Non ho capito a cosa serve .....sono niubbo ed è un po' diversa dalla sintassi semplicina dell'handbook  :Smile: 

----------

## oRDeX

 *Nio84 wrote:*   

> Se in make.conf metto -j1 , portage_niceness="20" ....dovrei diminuire il carico della cpu 

 

In realtà la prima opzione creerà un solo processo job per la compilazione, quindi (dato che gli atom hanno l'ht e si comportano come fossero due processori (circa)) utilizzerai il propcio al 50%, mentre il secondo parametro farà sì che portage passi in unltimo piano sulle altre applicazioni, ma comunque occuperà quanta più cpu possibile quando questa è disponibile

----------

## Nio84

 *Quote:*   

> s939 linux # grep -rH CPUFREQ .config 
> 
> .config:CONFIG_X86_ACPI_CPUFREQ=m 
> 
> 

 

mi riferivo a questo

----------

## oRDeX

Scusa, abbiam risposto insieme, ma io mi riferivo al post precedente. Comunque quella è un'opzione del kernel (tranquillamente modificabile da menù) e sta ad indicare che attualmente quella componente verrà compilata come modulo (=m) quindi al boot ti basterà caricare quel modulo (che forse si caricherà da solo) e potrai subito cominciare ad usarlo.

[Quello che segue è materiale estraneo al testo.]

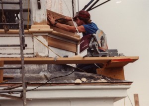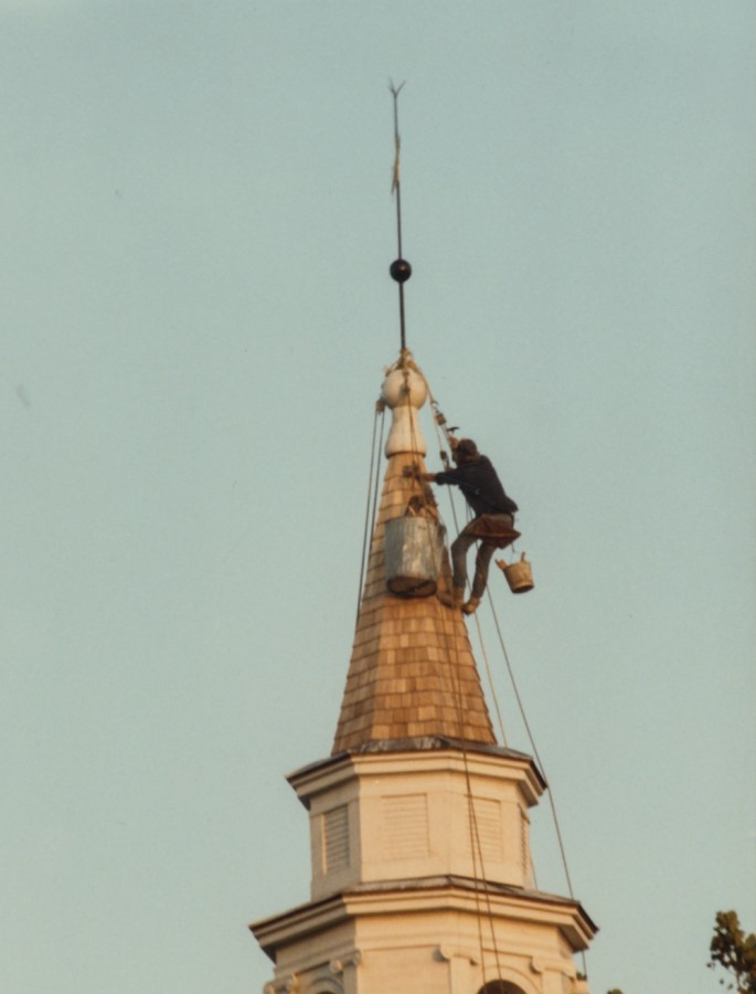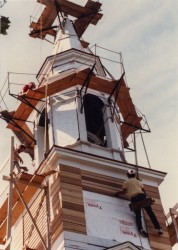 02818, Rhode IslandOn wood steeple, extensive replacement of exterior woodwork, replacement of all leaded copper flashing and roofs. Replacement of belfry deck with leaded copper, redesign bell deck to improve wash, redesign church bell suspension to improve stability. Restoration and gilding weathervane with 23 carat gold leaf.

Ti dico da ora che ha diversi modi di funzionare..quindi ti consiglierei di leggere la documentazione senza farti dire in toto dagli altri cosa dovrai fare   :Wink: 

----------

## cloc3

 *Nio84 wrote:*   

> 
> 
> Non ho capito a cosa serve .....sono niubbo ed è un po' diversa dalla sintassi semplicina dell'handbook 

 

scusa.

hai fatto una domanda diretta alle sezioni di configurazione del kernel.

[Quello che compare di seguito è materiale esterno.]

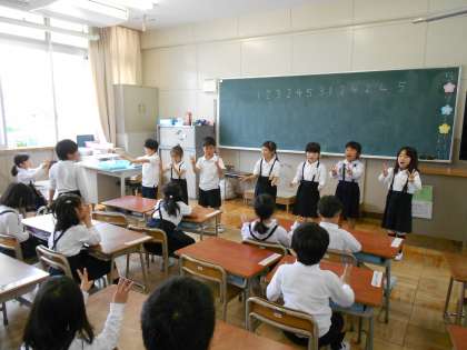 1年生の朝の会のようすです。わらべ歌をうたって過ごしていました。一日のスタートはとても大切です。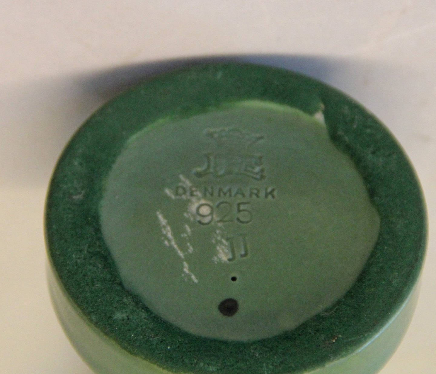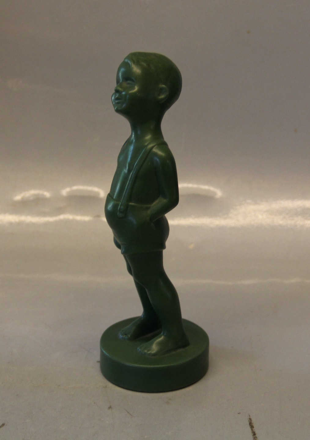 Beskrivelse: 925 Buksetrold (Drengefigur) Verner Hancke 17,5 cm ca 1941 Keramik fra P. Ipsens Enke Kgl. Hof. Terracottafabrik 1843-1955 Ibsen Grøn glasseret

pertanto ho supposto che tu sapessi leggere il file /usr/src/linux/.config .

in ogni caso, quello è un file che va toccato esclusivamente con tool esterni, per evitare pericolosissimi errori di sintassi.

le opzioni che cerchi sono visualizzate da make menuconfig nella sezione "Power management ACPI".

sottosezione "CPU frequency scaling".

----------

## polslinux

io compilandolo col mio eeepc 1008ha ci ho messo circa 5ore 30m per xorg, 7ore per gnome e 40min per il kernel...vai tranquillo che non scaldano niente gli atom, la temperatura stava su 61° del procio e sui 42° del HD...

----------

## fbcyborg

Insomma questione di attimi...  :Laughing: 

----------

## polslinux

ahahah sisi...tanto la domenica si passa fuori quindi il nanerottolo poteva macinare intanto  :Very Happy: 

----------

## Nio84

Bhe ho letto la documentazione gentoo sull acpi ecc .... solo che mi chiedevo se si possono impostare il controllo sulla frequenza e il risparmio energetico solo per un processo o un comando..... ovviamente parlo di emerge.....

----------

## maurs

Mi inserisco giusto un attimo per ricordare che per l'how to che ho scritto, è assolutamente sconsigliato utilizzare march=native. 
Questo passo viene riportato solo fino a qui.